The control of cell number is determined by a balance between cell proliferation and cell death. Recently, we observed that androgens down-regulate the expression of the antiapoptotic protooncogene bcl-2 in ZR-75-1 breast cancer cells, suggesting that modulation of apoptosis may be involved in androgen-induced growth inhibition (9). However, to our knowledge, the effect of androgens on cell cycle regulatory molecules in breast cancer has not been previously reported. In fact, most studies of the effects of steroid hormones on breast cancer cell cycle dealt exclusively with E and progestins (10, 11, 12).

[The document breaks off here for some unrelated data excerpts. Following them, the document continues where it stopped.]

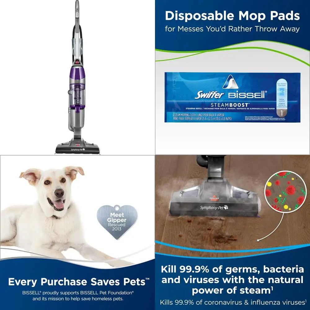 Trapeador de vapor y aspirador para suelos de madera dura y azulejos, almohadillas de microfibra, morado, modelo 1543A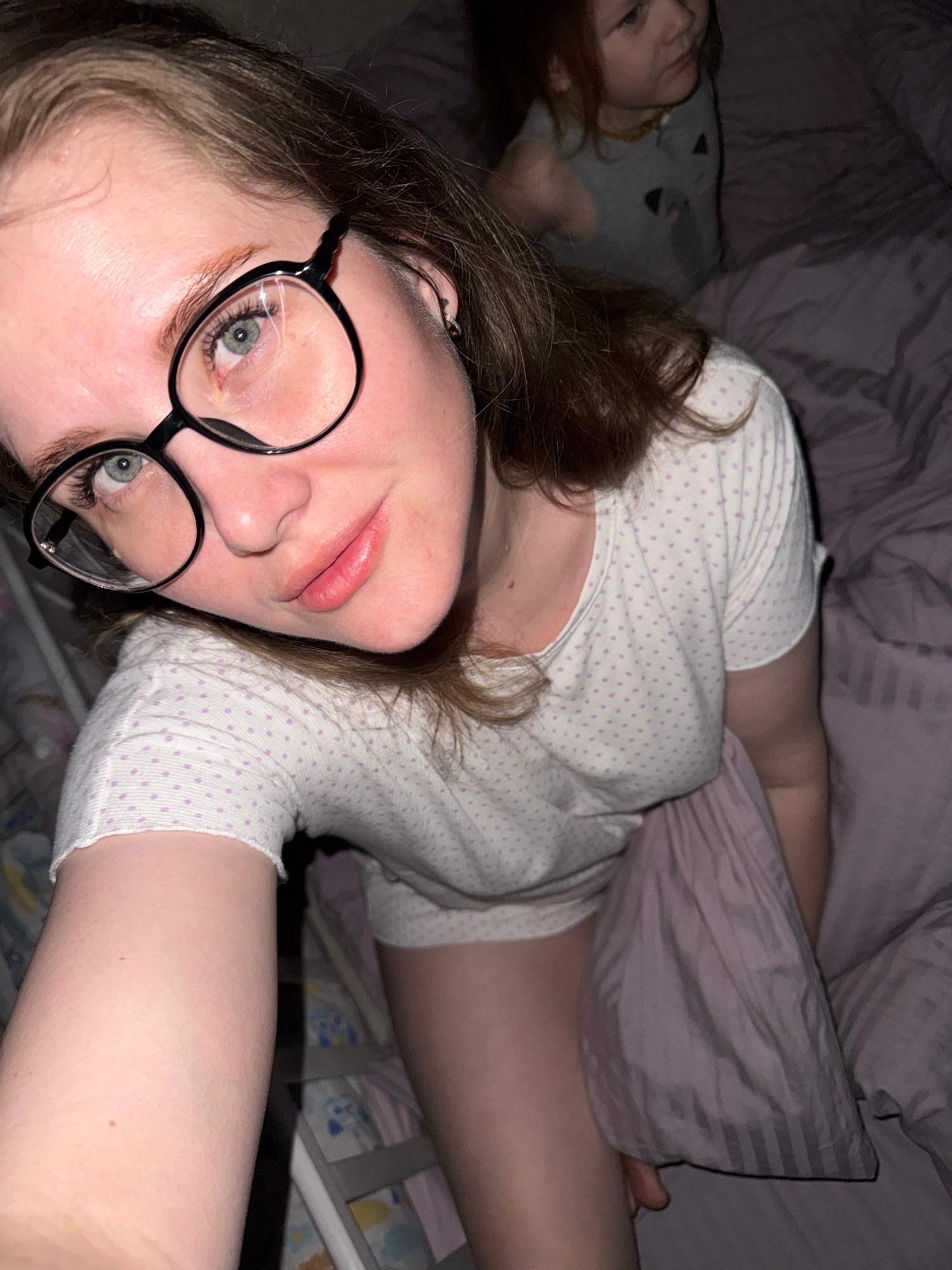A woman wearing black-rimmed glasses and a white shirt with lavender polka dots is lying on her back in a bed with a light purple comforter. She is looking directly at the camera with her head tilted…read more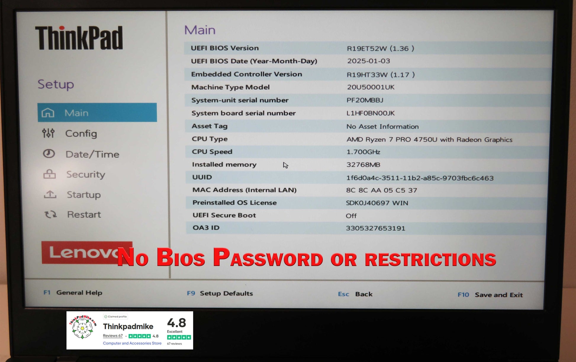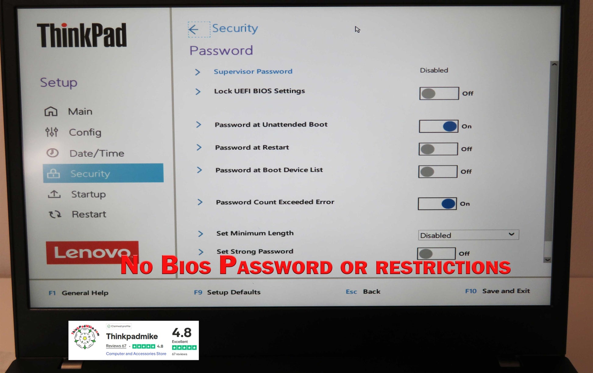 The BIOS is password free without any restrictions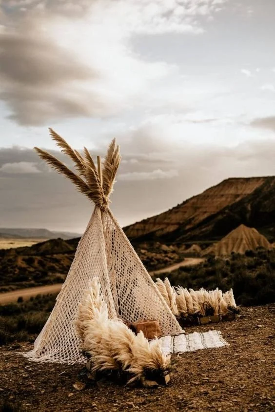 Impossible que vous soyez passé à côté du macramé : c’est LA tendance de 2020-2021… Comme tout ce qui est dans l’ambiance bohème d’ailleurs. C’est LA tendance de l’année, comme tout ce qui est ambiance bohème d’ailleurs ! La structure en macramé est la bonne idée déco pour remplacer la traditionnelle arche de cérémonie. En plus, elle est très économique si vous la faites vous-même (attention, niveau budget mais pas niveau temps… ça peut être très long) puisque vous n’aurez besoin que de cordons. Plus qu’à choisir les motifs et de l’agrémenter selon vos envies !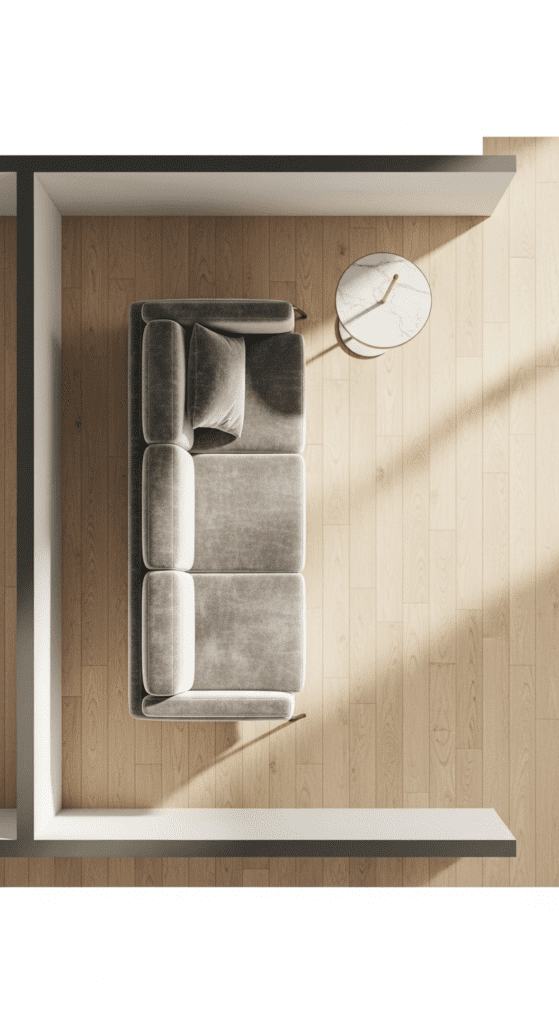 Choose furniture with a low profile and exposed legs. Armless sofas, slim side tables, and leggy chairs allow light and sightlines to travel under and around them, making the space feel airier and less cluttered. Every piece should earn its footprint.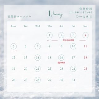 お知らせ 早いもので1月も折り返しですねだいぶ遅くなってしまいましたが1月の営業日カレンダーです🏻♀️あす16日は誠に勝手ながら臨時休業とさせていただきます🏻♀️寒い日が続きますので皆様暖かくしてお過ごしください

Progression through the cell cycle is regulated by a group of proteins called cyclin-dependent kinases (CDK). The major activating mechanism of CDKs is cyclin binding. The activity of cyclin-CDK complexes is modulated by phosphorylation and interactions with CDK inhibitors (13, 14). The CDK inhibitors are classified into two families: the INK4 family, p15^INK4a, p16^INK4b, p18^INK4c, and p19^INK4d, which specifically inhibits CDK4 and CDK6; and the Cip/Kip family, p21^Cip1, p27^Kip1, and p57^Kip2, which inhibits a wide range of cyclin-CDK complexes. The members of the Cip/Kip family can also act as assembly factors for CDK4/6-cyclin complexes (15, 16, 17, 18).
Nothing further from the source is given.